Ian was certain Clive briefly grinned out of spite, but would never admit it. All three looked down silently as a heavy volley or rain bombarded onto his creation. Great splodges of pink erupted with each drop. Ian felt queasy. It was not fair, but he hadn’t time to dwell on it.
‘Ian? Ian, get in here before you catch you death. Tea’s just ready. Get in.’
As he plodded towards his home his mother continued, ‘What on earth happened to your clothes?’
His clothes were blemished in pink dust. Shrugging was the most he could manage. Words escaped him. The best thing he had ever achieved was getting washed away and all his mother cared about was his damn clothes.
‘Up them stairs with you, straight away, and have a wash before tea,’ she said as he stepped into the hallway. She let out a sigh of disapproval and shook her head as he passed her. ‘I only got them dry last night…. I don’t know?’ she muttered as he stomped up the stairs.

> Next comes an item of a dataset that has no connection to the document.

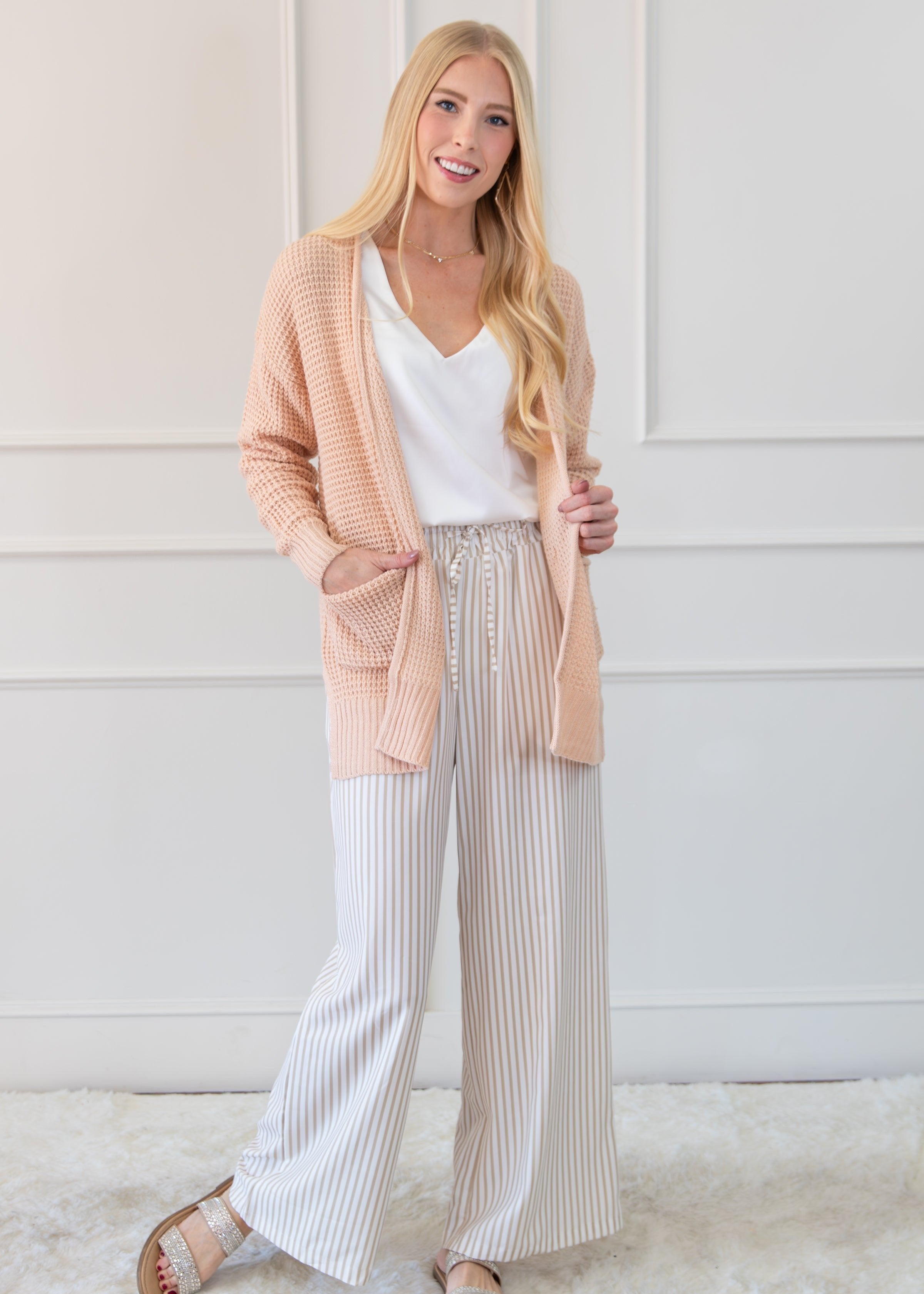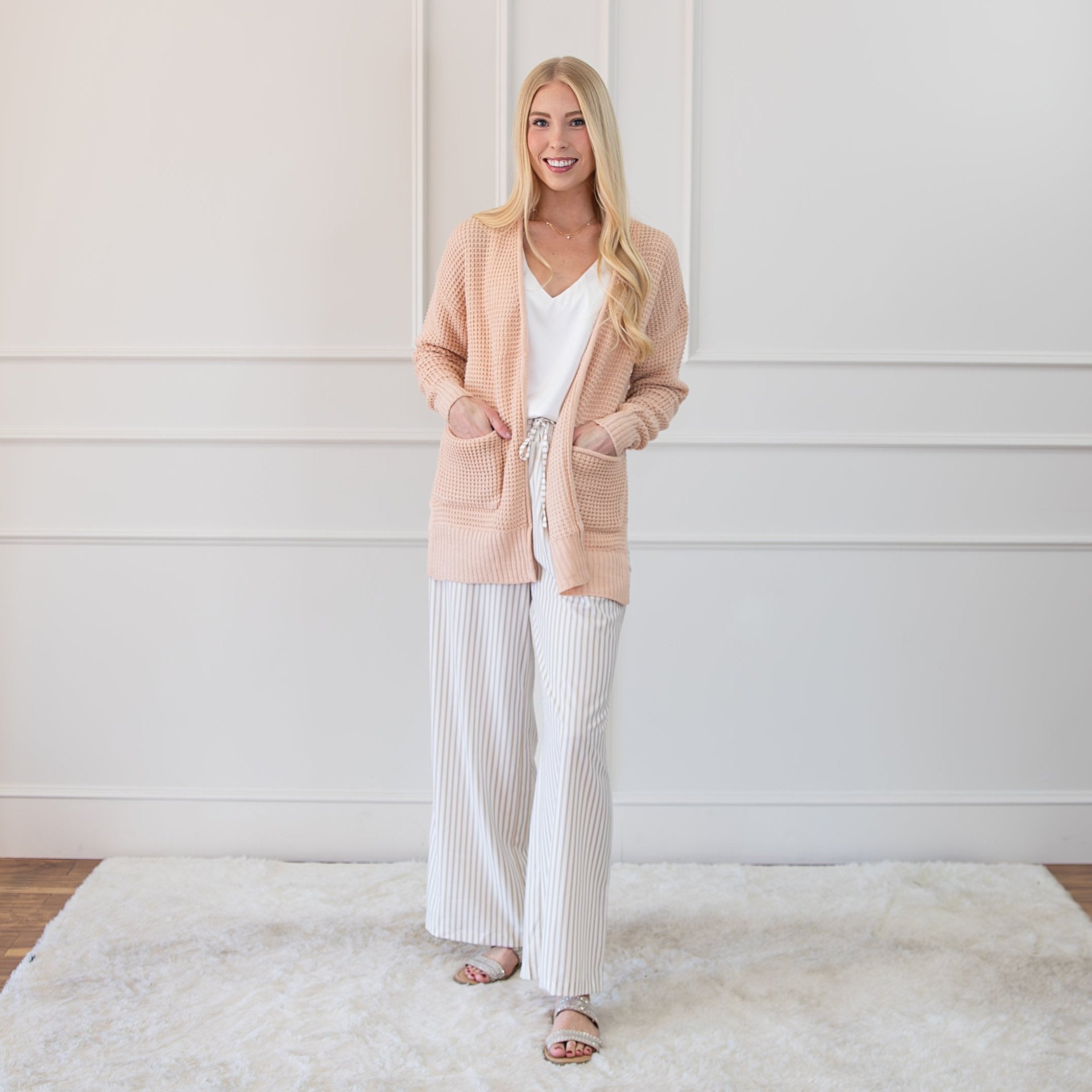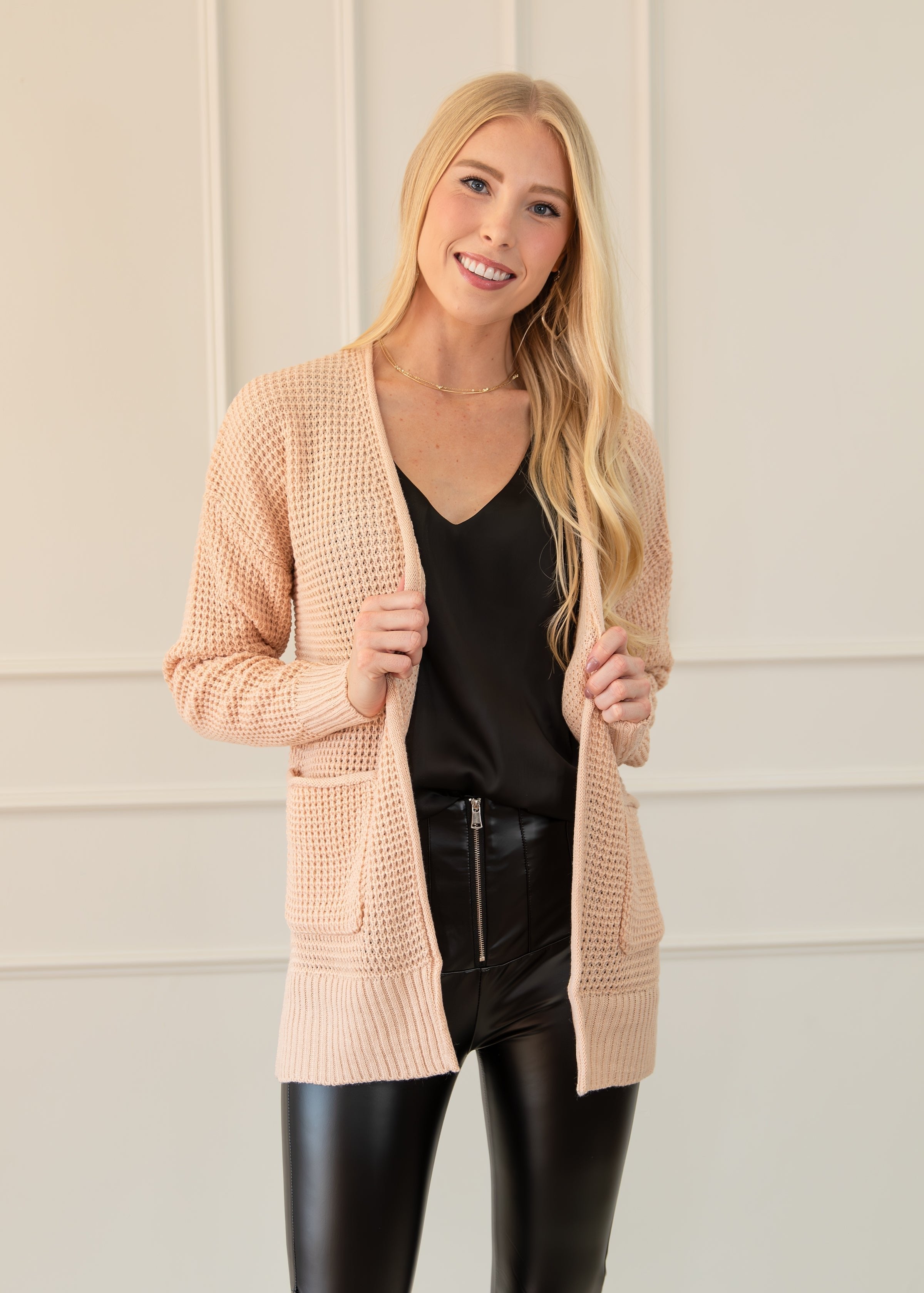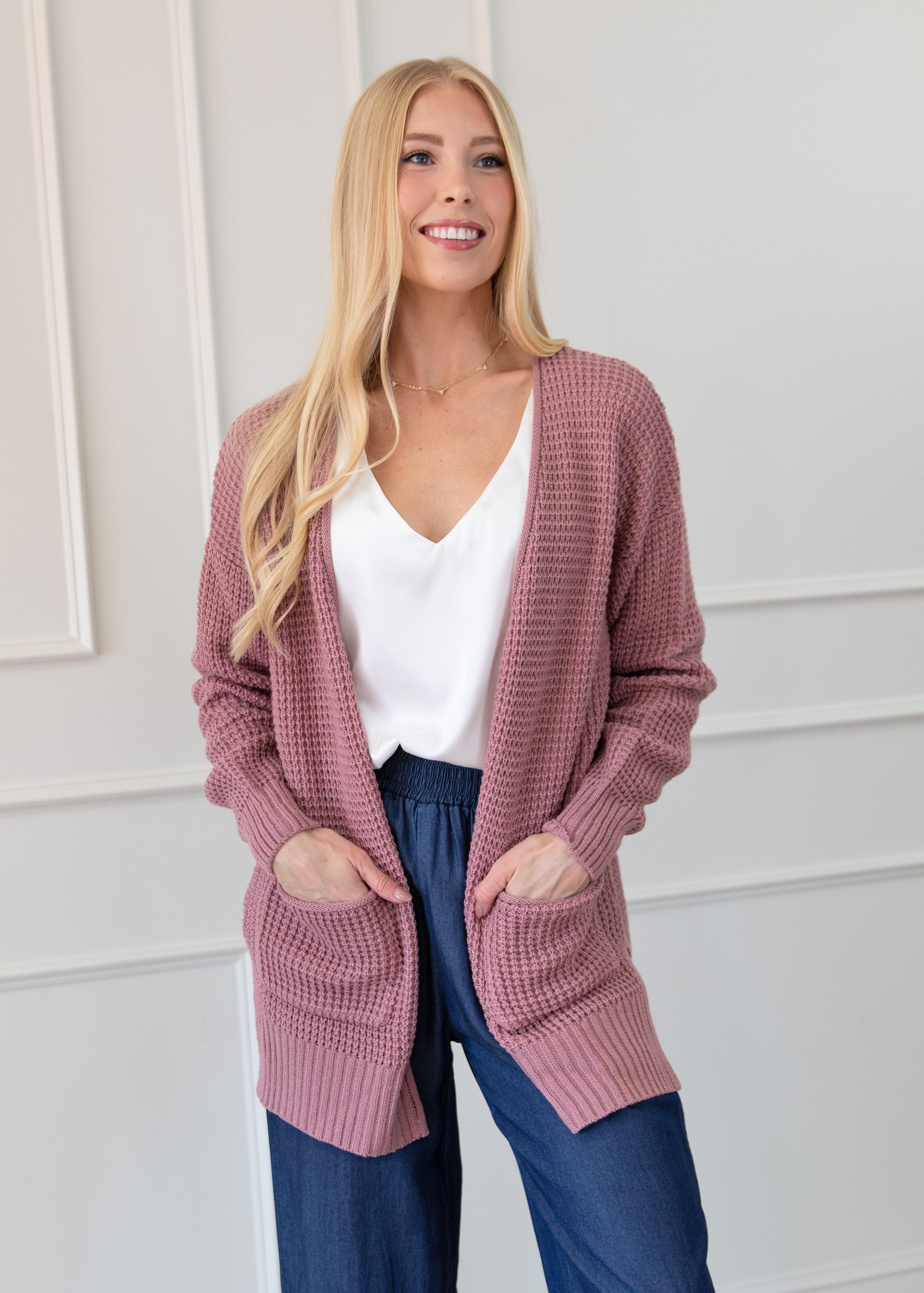 Stay cozy and look stunning in this cozy cardigan. It features a loose fit, waffle pattern, side slits and pockets. Whether you're looking for a stylish addition to your winter wardrobe, or just want something comfortable to layer with, this cardigan is the perfect choice!

‘Ah, leave the boy alone,’ his father called from the kitchen. Ian didn’t wait to hear her reply. In his room, he stood by the window looking at the streams of pink trailing into the shore. A vanishing smudged outline was all that was left and that too would soon be gone along with his joy. Clive and Pete went running back to their homes and all other life in the cul-de-sac had fled. The Green was empty. Ian felt empty too. Closing the curtains, he tried his best not to look at the other pictures upon his wall. Ian undressed and tossed his clothes into the wash basket. A minor thud sounded as something landed on the floor. Bending down, he discovered one last piece of plaster had fallen from his pocket.
Ian snatched it up and buried it in the back of his draw. A slight smile crept across his face. He would ride another day.